Tuesday, April 16, 2013

Safe

Quick update on life with the Professor and His Wife: Effie the cat is still a cat, and we had an interesting visit to the animal hospital last night after we came home to find her left eye swollen shut. It's conjunctivitis, by the way, part of an upper respiratory infection (her third since we've had her). She got a nice hefty dose of an antibiotic and they swabbed her for feline herpes and other kitty maladies. The vet also hinted that - surprise! - Effie may or may not be pregnant! Which would be interesting, since the agency from which we adopted her guaranteed us that she was spayed. The vet said she didn't see any spay scars or markings, and that when she was doing the examination, felt some lumpy bits down by Effie's baby-makin' parts. Which could be one of two things: kittens, or a full colon. We are crossing our fingers that it's just a little constipation. Given the typical cat gestation period (and the fact that she has not set paw outside since we adopted her so if she is prego, it had to have happened while she was in the care of the adoption agency), we'll know in about a week! Stay tuned!

Now to the point:

I've been thinking a lot about the word "safe" lately. In my education classes at the Big University, we've been talking about helping students feel safe. Making school a safe place. Safe to tell, safe to report, safe to talk, safe to be yourself. But what does that really mean?

Given the events in Boston yesterday, it's not hard to say that the world is not a safe place. Events and places we think are safe, we think we can attend or visit without hesitation - it's becoming vastly apparent that we must always be on alert, even in places we thought were safe. Schools are quickly becoming notorious for being dangerous - school shootings, bullying, teachers and faculty being arrested for abusing or assaulting students - for the teachers who don't have a mug shot and who are actively teaching and trying to protect their students, it's becoming increasingly difficult to reconcile to the fact that we have very little control over whether or not our students are safe. We can spearhead initiatives to make our schools physically safer - metal detectors, locker searches, assemblies and programs geared toward greater student awareness - and we can make cracking down on bullying a higher priority, sure. But we cannot guard against the greater evils that threaten our students. We cannot shield them from a bomb at the Boston Marathon. We cannot physically remove them from an abusive situation, though we can do everything in our power to help someone else do so. We cannot guard them from bomb threats, terrorist attacks, drunk drivers. So what can we do?

North Korea has been in the news recently, thanks to threats of missile attacks on the United States. While they apparently aren't solid on American geography, Colorado Springs was mentioned by name. Now, I don't feel entirely threatened by North Korea, and I have great faith in NORAD's ability to head off any impending missiles by miles, given that I live in the shadow of their mountain fortress. All the same, though, what do these threats mean for the future? They seem empty now, but what happens when they aren't? Will I be responsible for the education of our children under the gloom of World War III?

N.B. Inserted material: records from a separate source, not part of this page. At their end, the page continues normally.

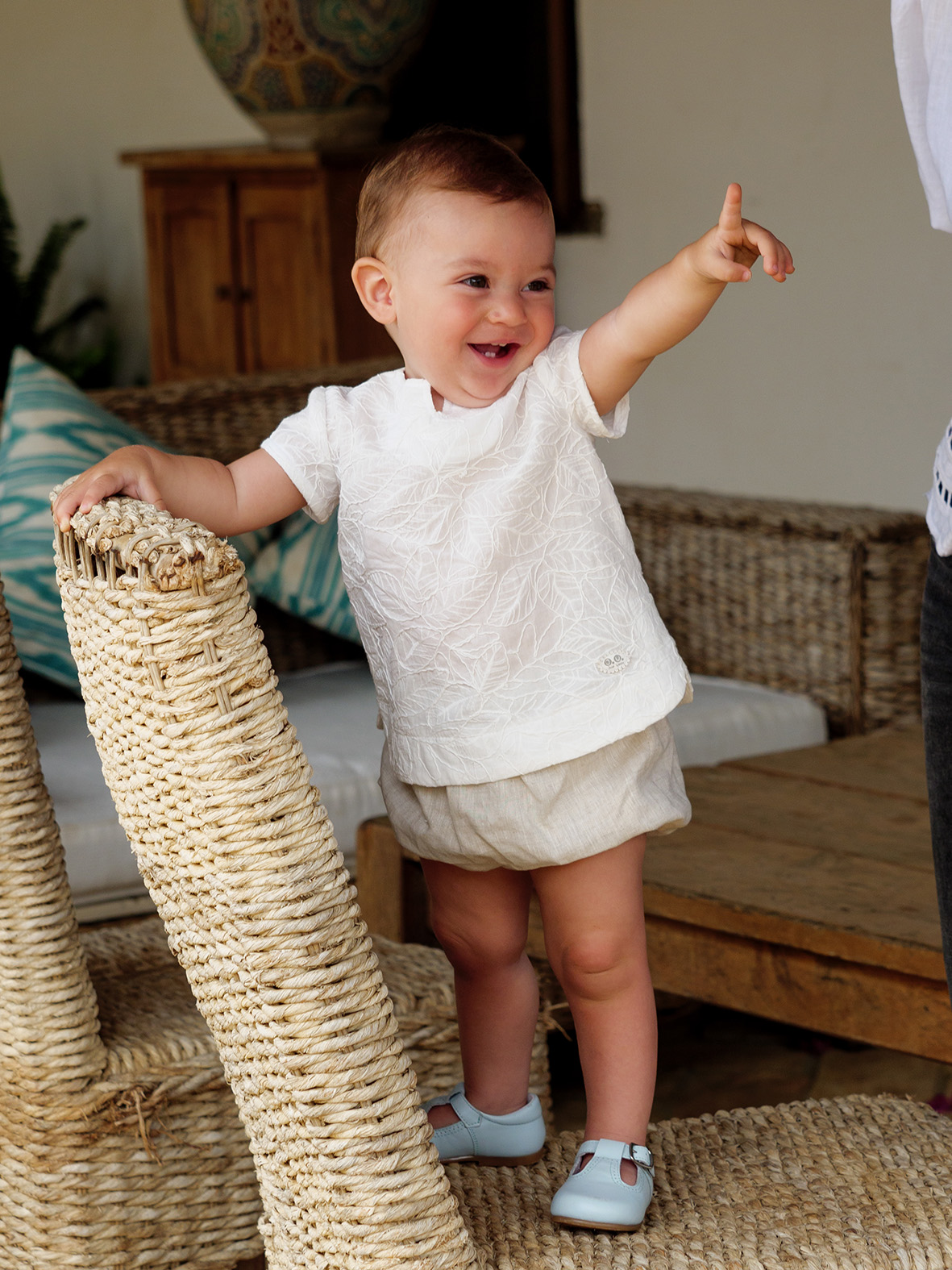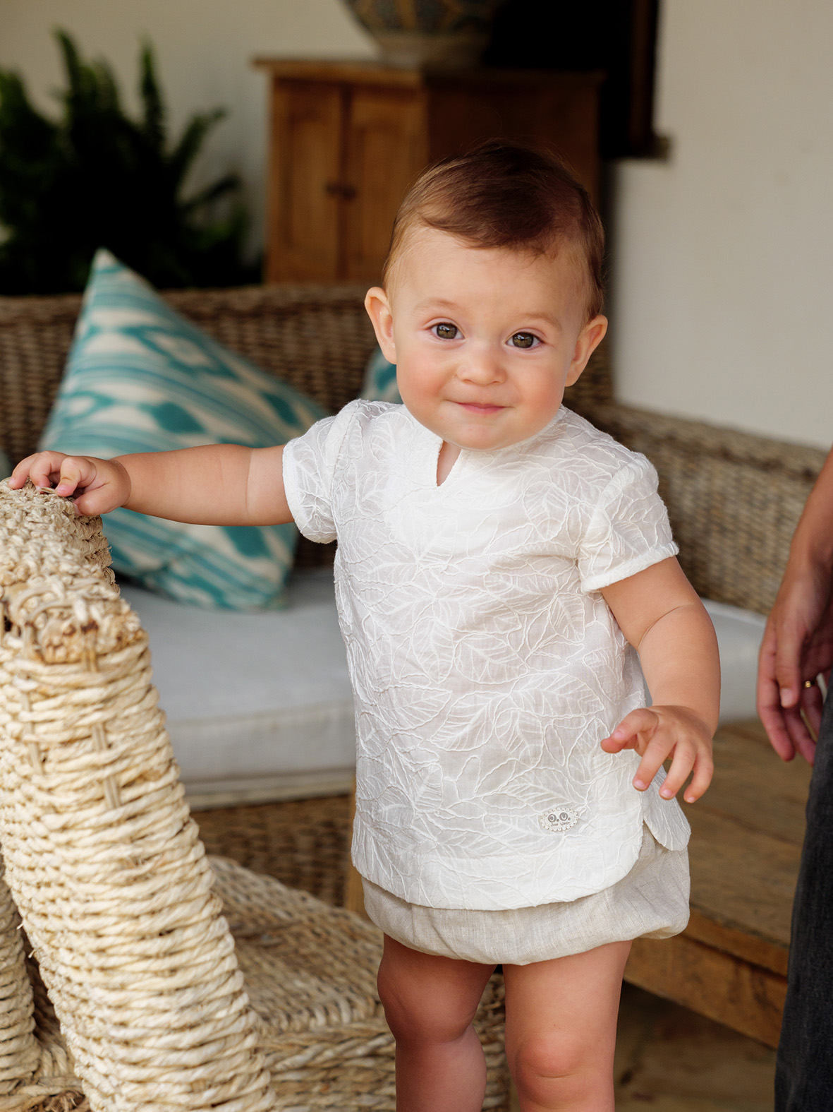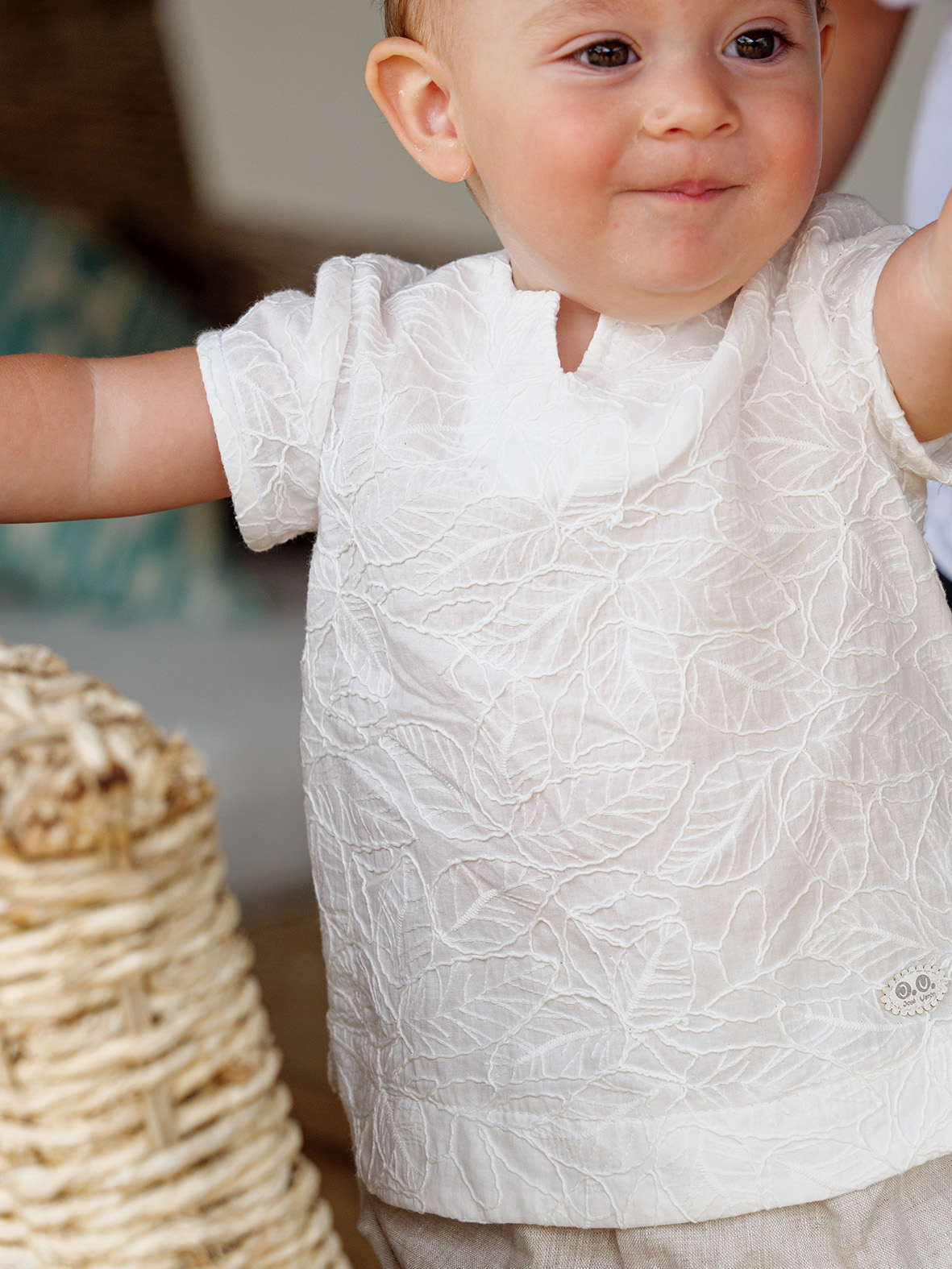 Este adorable conjunto de dos piezas para niño es la opción ideal para vestir a tu pequeño con estilo y comodidad. La camisa, de corte clásico y elegante, está confeccionada con materiales suaves y ligeros, perfecta para mantener a tu bebé fresco durante el día. El cubrepañal a juego asegura total confort y libertad de movimiento, mientras complementa el conjunto con un toque de dulzura y estilo.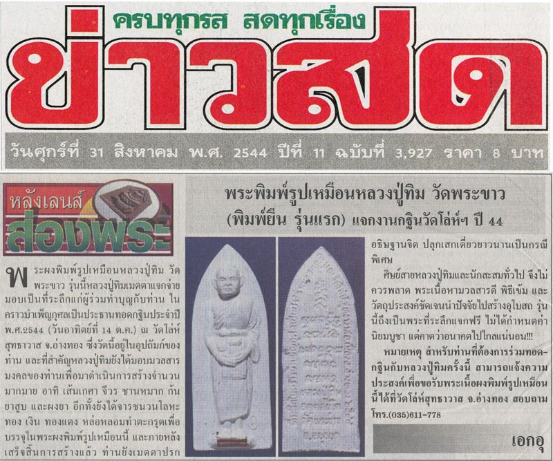 วัตถุมงคลหลวงปู่ทิม วัดพระขาว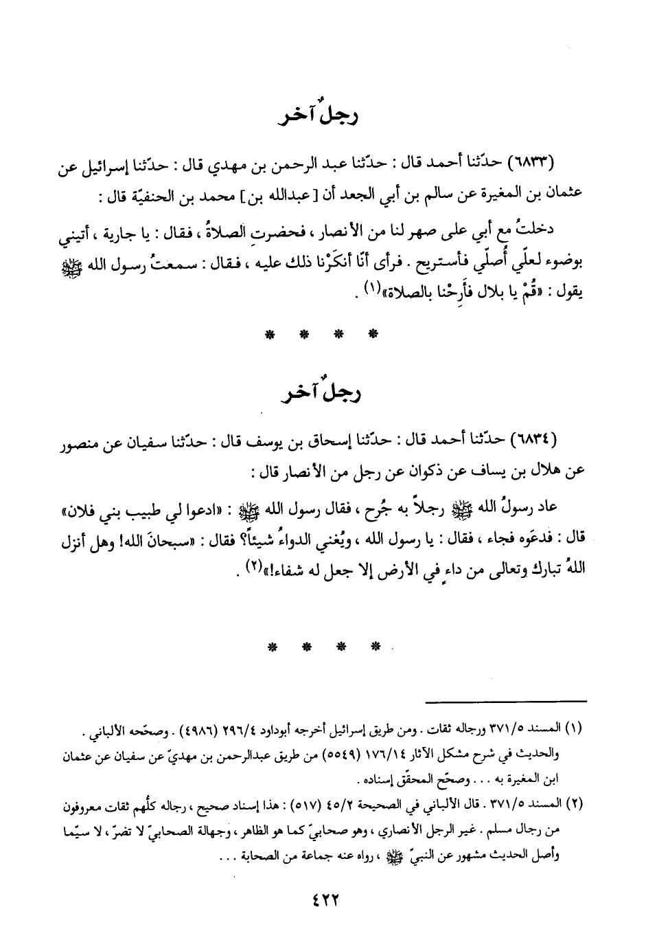 (١) المسند ٥/ ٣٧١ ورجاله ثقات. ومن طريق إسرائيل أخرجه أبو داود ٤/ ٢٩٦ (٤٩٨٦). وصحّحه الألباني.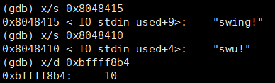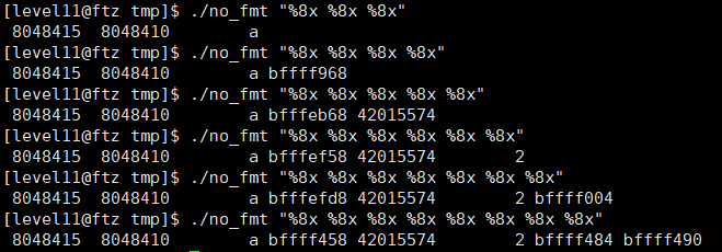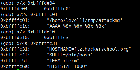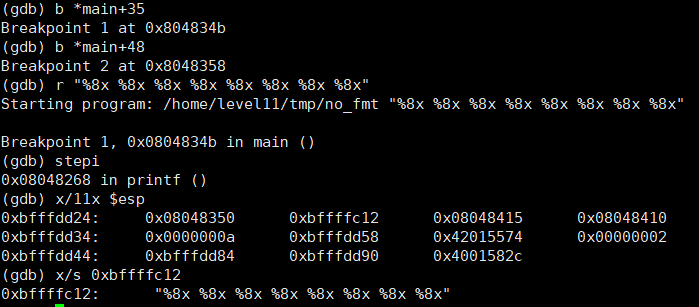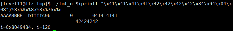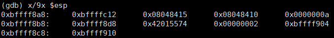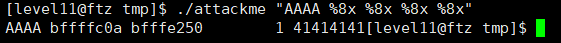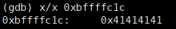 | 0xbffffc10 | &(AAAA %8x~ ) |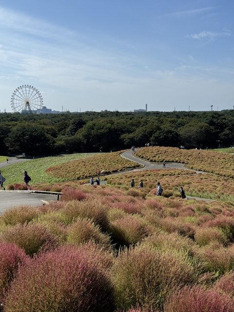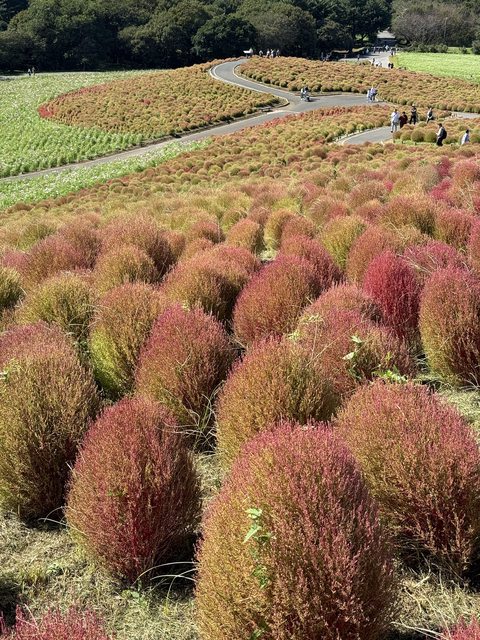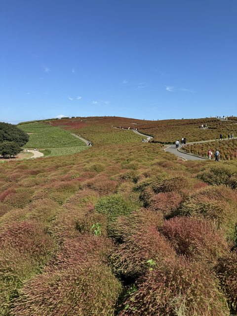 車前往),因為非假日且還不是波波草全紅的時候人不算很多,西口入園走大約15分鐘可
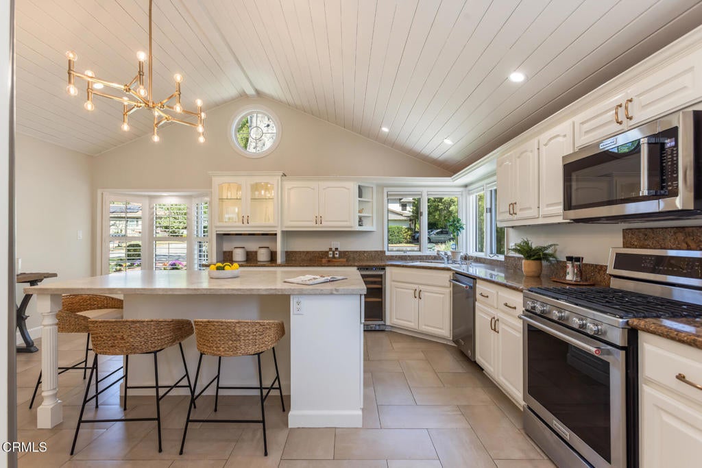 • Interior FeaturesBreakfast Area, Separate/Formal Dining Room, Eat-in Kitchen, Granite Counters, Pantry, Quartz Counters, All Bedrooms Down, Bedroom on Main Level, Main Level Primary, Primary Suite, Walk-In Closet(s), Beamed Ceilings, Breakfast Bar, Built-in Features, Cathedral Ceiling(s), Crown Molding, High Ceilings, Paneling/Wainscoting, Recessed Lighting, Wine Cellar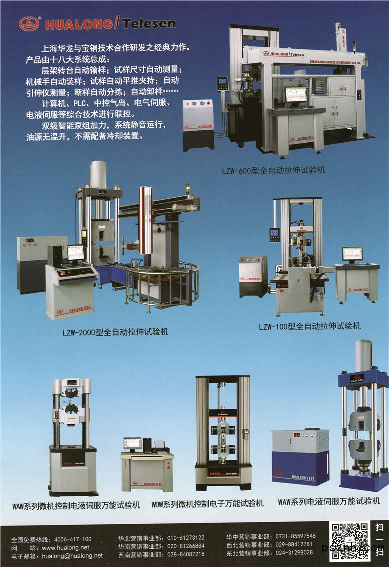 2010年被浦東新區(qū)人民政府命名為“浦東新區(qū)小巨人企業(yè)”。 上海華龍測試儀器股份有限公司組建于1993年5月8日。集團(tuán)建制為七司五部兩辦三中心,即液壓試驗(yàn)機(jī)分公司、電子試驗(yàn)機(jī)分公司、新特試驗(yàn)機(jī)分公司、機(jī)械制造分公司、南方營銷分公司、北方營銷分公司、進(jìn)出口貿(mào)易公司、計(jì)劃部、采購部、物控部、品質(zhì)部、財(cái)務(wù)部;營銷辦公室、綜合辦公室、研發(fā)中心、文控中心、售后服務(wù)中心。在北京、西安、成都、沈陽、長沙、廣州、上海設(shè)置七大區(qū)營銷事業(yè)部。華龍研發(fā)生產(chǎn)的沖擊試驗(yàn)機(jī)、拉伸試驗(yàn)機(jī)、蠕變試驗(yàn)機(jī)、壓剪試驗(yàn)機(jī)等測試產(chǎn)品廣泛應(yīng)用于航空航天、國防軍工、機(jī)械制造、車輛船舶、鋼鐵冶金、電線電纜、塑料橡膠、建筑建材、大專院校、科研院所、商檢質(zhì)檢等國民經(jīng)濟(jì)各領(lǐng)域,對各類金屬、非金屬、構(gòu)件、成品、新材料的各項(xiàng)物理力學(xué)性能測試、分析和研究。

Perhaps it's the murky weather outside affecting my vision, but don't things seem dark right now? Financial crisis, promises of impending doom from North Korea, death in the news every time I turn it on - how am I going to make students feel safe when they are just as plugged into the world as I am; they know what's going on, they will ask questions and seek reassurance that their world won't be getting turned on its head before they can graduate high school. And I can't offer them that reassurance. Because the older I get, the more I realize that the world is already turned on its head. That stability is a myth, and that raising a well-rounded child who knows what's happening in the world and is still willing to go outside is next to impossible. So what can I do?

I can teach my students history. I can show them how it runs in cycles, and how the stakes rise each time it comes around. I can teach them to look at their own histories, how their decisions have affected their world, how they can make decisions now that will ripple out through the future and last forever. I can introduce them to the idea that it just takes one person, one person with an idea, with the resolve to change the world. I can introduce them to the people who have changed the world, and I think I can do it well.

So while maybe I can't make my students safe, while I can't shield them from the perils of the world as it is, maybe I can help them to understand that every single person who ever changed the world, every game-changer, every revolutionary, every peacemaker - all of them started as one person with one idea, with the resolve to change the world.

What are you doing today that will last forever?